With lots of small files you need to batch them during the insert or it will go 
slowly, thus the arugments to ml:put
but most marklogic tools for upload have options for this.  mlcp is a good one 
and can read directly from zip files so you can instead of doing the upload 
there just zip the files into a zip and delete the temp files.
Then you will have a bunch of zip files to upload instead of a million xml 
files.




From: general-boun...@developer.marklogic.com 
[mailto:general-boun...@developer.marklogic.com] On Behalf Of irisDeveloper
Sent: Wednesday, August 20, 2014 4:59 AM
To: MarkLogic Developer Discussion
Subject: Re: [MarkLogic Dev General] Attribute indexing

Hi David

Thanks for detail explanation . I was working on your guidance of splitting 
large xml file with smaller xmls each carrying  1 transaction, I used xmlsh 
-xsplit utility one you recommended . Igot following error 
/xxx/yyyy/x6548087.xml (No space left on device)  even though it has 70GB of 
space available.


Thanks
Samby


On 08/19/2014 09:27 PM, David Lee wrote:

///////////////

MarkLogic always indexes element values and element-attribute values in a hash 
index. No extra configuration is needed, and it can't be turned off.



Element, attribute, and path range indexes are value indexes. These are only 
needed for fast sorting, inequality lookups, facets, and similar operations.

[DAL:] ///



This is true ... but the poster is experiencing unusual slowness.  For data of 
this size, results should be extremely quick --  but -- the devil is the 
details.    So why is it slow ?







The answer first then the fishing pole.





1) You say you split your documents into smaller files " I split 1.1GB xml file 
into small pieces of xmls (1000 elements each)."



Could you be more precise ?  Ideally you should split the XML file into as 
separate documents that

are logical units ... I am guessing that "1000" was picked just to get the 
files smaller,

if this is true, use 1 not 1000 ... each document should be like a table row 
... contain one (hierarchical) collection of self-contained information.

2) your using a "*" for the element but it must be under another specific 
element.





Indexes and indexed searches default to element/attribute *pairs* ... (not 
precisely, but useful to think this way).

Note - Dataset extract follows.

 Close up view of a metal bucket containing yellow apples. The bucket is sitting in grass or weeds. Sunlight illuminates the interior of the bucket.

To see what can be indexed efficiently sometimes its useful to see the 
primitive search API's

A good guide is here: 
http://docs.marklogic.com/guide/search-dev/cts_query#chapter



But a quick look for anything starting with cts:   and has the word "query" in 
it is useful.

Go here: http://docs.marklogic.com/guide/search-dev

Click the "XQuery'XSLT" tab and type "cts:" (wait a few secs for  your browser 
to update)



These are the query related primitive APIS's and give a good clue as to whats 
efficient out of the box and what needs help.

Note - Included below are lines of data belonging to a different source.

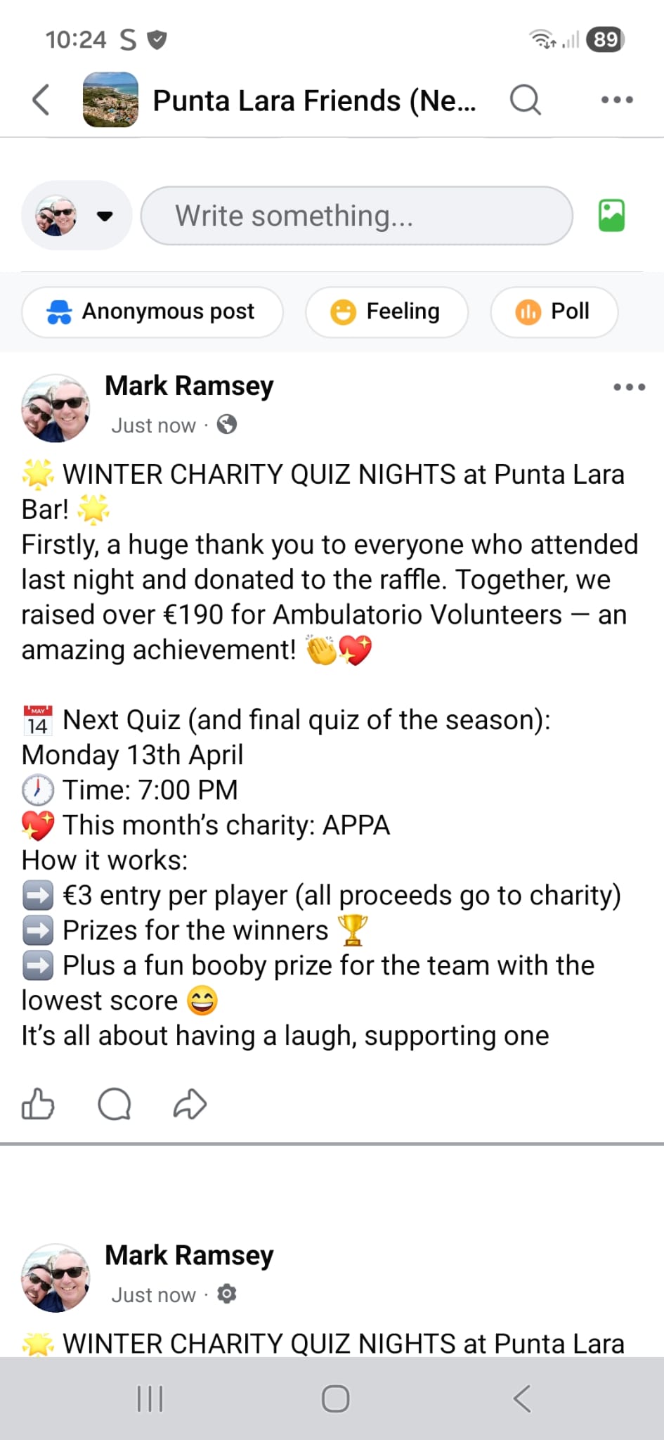 We start the year with two most generous donations : 500€ from THE PHOENIX CLUB in Torre Del Mar and in March the PUNTA LARA BAR has organised a "quiz nite" where they have raised 190€ for our association. We thank all those who have participated in the raising of these donations.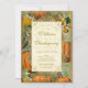 Convide a sua família e amigos para a sua comemoração de Ação de Graças com este convite temático de colheita personalizado vintage, com um padrão antigo de abóboras e abóboras em cores de laranja queimada, verde, amendoim, ouro, marrom e marfim com floretes elegantes. O script e o texto de fonte clássico estão em um modelo totalmente personalizável, formatado para adicionar facilmente todos os seus detalhes, como seu nome, ocasião, endereço do local, dia, data, hora e detalhes de RSVP. Projetado por © Tim Coffey.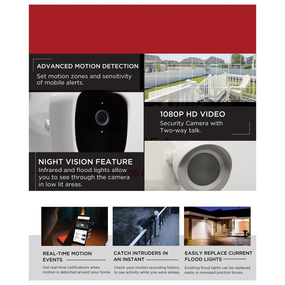 Stay connected and feel protected with Satco's new LED security floodlights. Featuring a 1080p HD camera with a 150 degree viewing angle, two-way talk, infrared night detection and advanced motion detection settings, you can rest assured anytime, day o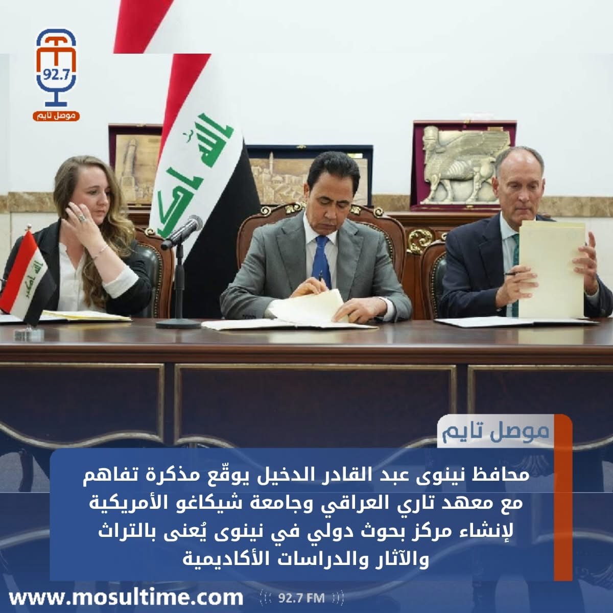 أعلن محافظ نينوى عبد القادر الدخيّل، اليوم الأربعاء، توقيع مذكرة تفاهم مع معهد البحوث الأكاديمية في العراق (تاري) ومعهد الدراسات والثقافات القديمة في جامعة شيكاغو الأمريكية، لإنشاء مركز بحوث أكاديمي دولي في نينوى، مؤكداً أن المشروع يمثل خطوة استراتيجية لتعزيز مكانة المحافظة كمركز علمي وثقافي.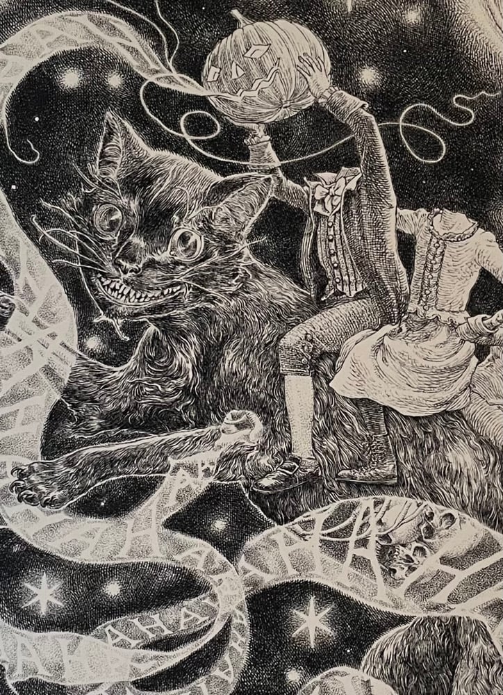 This was a really fun piece to work on. It was used as a variant cover for the Halloween special of the comic book Hello Darkness published by BOOM! Studios. I wanted a classic Halloween greeting card feel for it with a little Sleepy Hallow mixed in. The original art is much smaller. For this print I wanted to blow it up nice and big. This is just the black and white version. The one that was published was in color.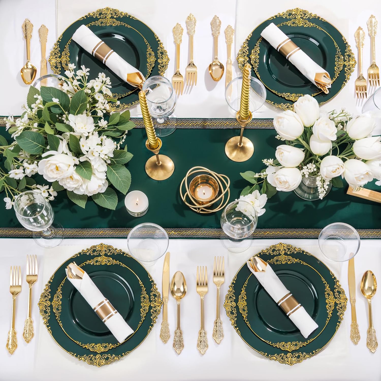 - Serves for 50 Guests - This green and gold plates set includes 50 dinner plates, 50 dessert plates, 50 cups, 50 napkins, and 150 pieces of silverware (50 knives, 50 forks, and 50 spoons), making it ideal for gatherings of up to 50 Guests

Note there is no cts:attribute-query ... only cts:element-attribute items.

This is a close match:



http://docs.marklogic.com/cts:element-attribute-value-query





This is why the suggestion for a Path index (which can explicitly add a new 
index for your attributes).



But why need this ?  Because your xpath has a * for the element name.



/transaction/*[@transInfoRef='ti1']



This won't optimize with the default indexes ...  because the system has no 
idea what element/attribute pair your looking for ...  Add to that  is my 
suspicion that you didn't break down your XML files into individual 
transactions.

So what the server has to do is

1) Find all element/attribute index matches with @transInfoRef='ti1' in all 
elements.

2) Since it is not sure if that element is a direct child of /transaction it 
needs to load every document

3) Load each and every document, re-parse it, and then search to see of the "*" 
associated with the @transInfoRef matches an element  as a direct child of 
/transaction/

4) Return you all documents ... not able to stop until the entire DB is 
searched.





Not so good ...



If you add a path range  index this will optimize, but there's other ways.

For example if you know all possible (or useful) element names which are 
associated with your attribute you can enumerate them in the search.  This will 
allow the search to be resolved 100% from indexes (providing you split your 
documents into 1 transaction per document).



So first do that - resplit your docs down to 1 document per "main XML Element" 
... in your snippet I would guess this is <transaction>

- Ideally don't use more than 1 transaction XML element per document or the 
server will still have to dig into documents where it finds possibly 1 match to 
locate them all.

It can work with bigger groups but its better not to.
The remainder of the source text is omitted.